De nada sirve un café en tacita de plata, si el barrio en el que reposan los veladores con manteles de chantillí, donde nos lo tomamos, no tiene aún resuelto el alcantarillado. De poco o de nada sirve una playa cálida y soleada, con sus chiringuitos rebosantes de pescado, si el mar nos vomita como un insulto nuestros propios residuos mal reciclados. Como no sirve, tampoco, el más bello y valioso patrimonio monumental, si no podemos pasear por el tupido entramado de calles y plazuelas en el que se ubica, por miedo a que nos asalten delincuentes espoleados por la necesidad que esclaviza al tercer mundo -que también está dentro del primero-, o por las adicciones inducidas en víctimas enganchadas, que nos harán sus víctimas, por los intereses consumistas y amorales del primer mundo. Ni Nueva York se salva del terror que provocan los instrumentalizadores de la desesperación y los desequilibrios entre el mundo desarrollado y el subdesarrollado (tristísimo ver el vídeo de esos pobres turistas argentinos disfrutando de Nueva York en bici que fueron masacrados por ese lobo solitario, uno más con negrura en la cabeza). Por eso, de poco o nada sirve, en un mundo cada vez más globalizado, seducir con las mejores infraestructuras de ocio si son en sí mismas islas cerradas, sólo para unos pocos. Como un mundo ficticio dentro de éste. Como munditos de plástico que se esconden unos en otros. Como muñecas rusas que flotan en la marejada de un mar de realidades que se pretenden disfrazar y alejar.

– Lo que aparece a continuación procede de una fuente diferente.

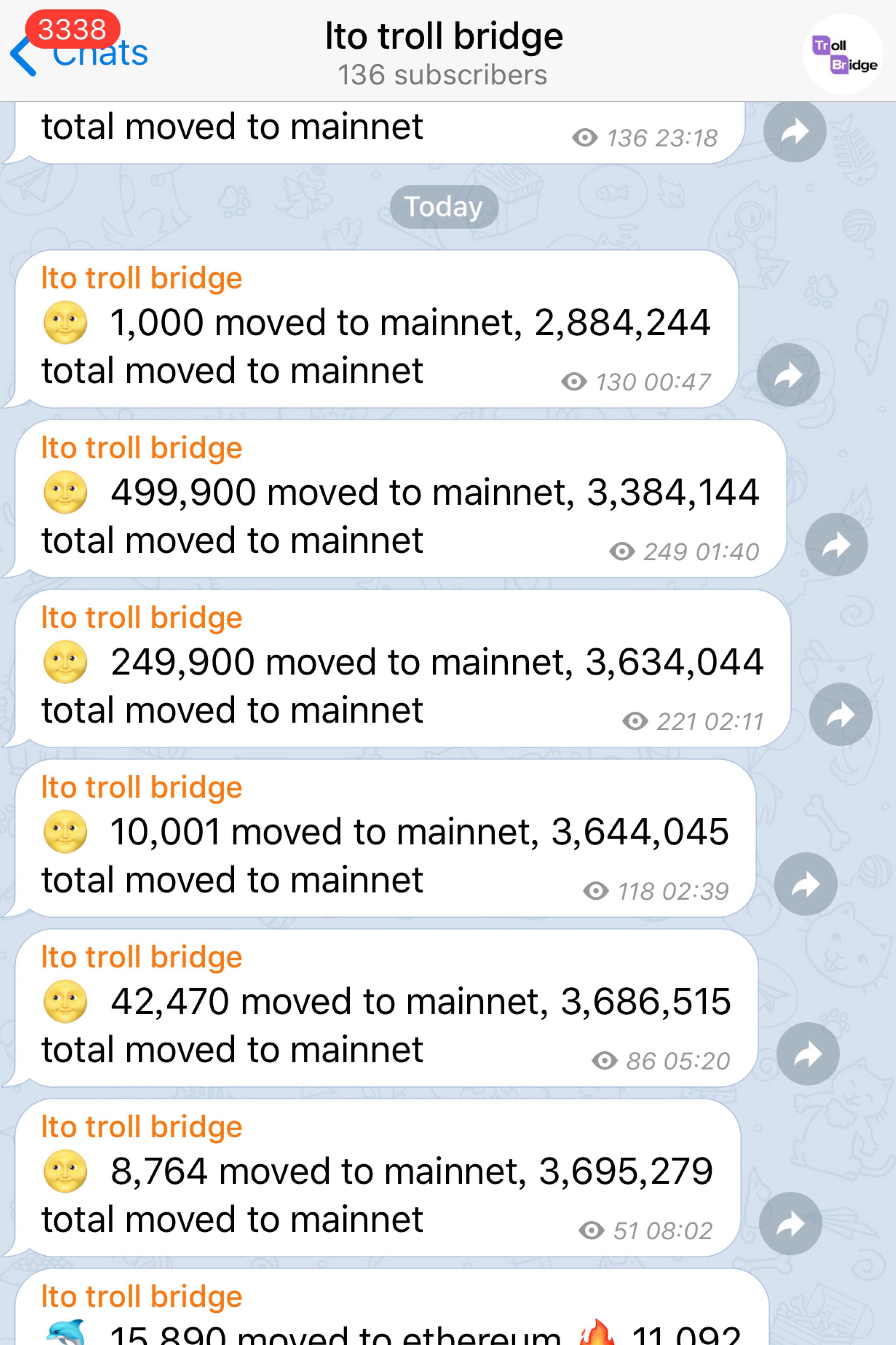 佢仲有一個自創的Troll Bridge System黎保障散戶投資者,用戶可以用Trol Bridge自行係Mainnet Tokens同erc20 tokens之間自由兌換,而只有erc20 tokens可以係交易所俾人買賣,所以市場上既流通量會非常少。大家仲可以隨時透過以下條Link check到有幾多Tokens係Troll Bridge上轉換:

La vida no es un decorado. Y cuando lo es, acaba con los telones empapados y rotos por el sudor o la sangre de quienes esconde. Por eso el turismo, como industria turística, no puede ser hoy poco sensible al entorno del que se aprovecha para obtener beneficios empresariales, ni mantenerse ajeno a los valores morales y políticos que condicionan esos lugares. Aquel impacto turístico ultramontano de los Sesenta, por ejemplo, de beneficio rápido y especulativo, no sólo ha dañado las costas y los cascos históricos donde se ´desarrollismó´, sino que ha estado a punto de mandar al traste la calidad de la industria turística, y de manchar con una imagen negativa en la era de la imagen el futuro del Turismo como sector económico blanco y de paz. Por eso los profesionales del Turismo no pueden mantenerse al margen del devenir sociopolítico del planeta, además del de los lugares -propios o ajenos- que pretenden explotar. Un mundo mejor posibilita un desarrollo turístico más sólido y duradero. Y un desarrollo turístico sensible y adecuado, con objetivos a medio y largo plazo, un mundo más atractivo y perdurable. Alejados por ello de un autismo intencionado de todo lo que no sean cifras, habría que apostar por equilibrar el desarrollo de una industria como la turística con los valores de personas y entidades que, en sus respectivos ámbitos profesionales y humanos, siguen representando la esperanza de que si se quiere se puede, y de que, si nos empeñamos, éste podría ser algún día mundo mejor. Y no es difícil creer que esto pudiera ser así para quienes tenemos la suerte de vivir en Andalucía.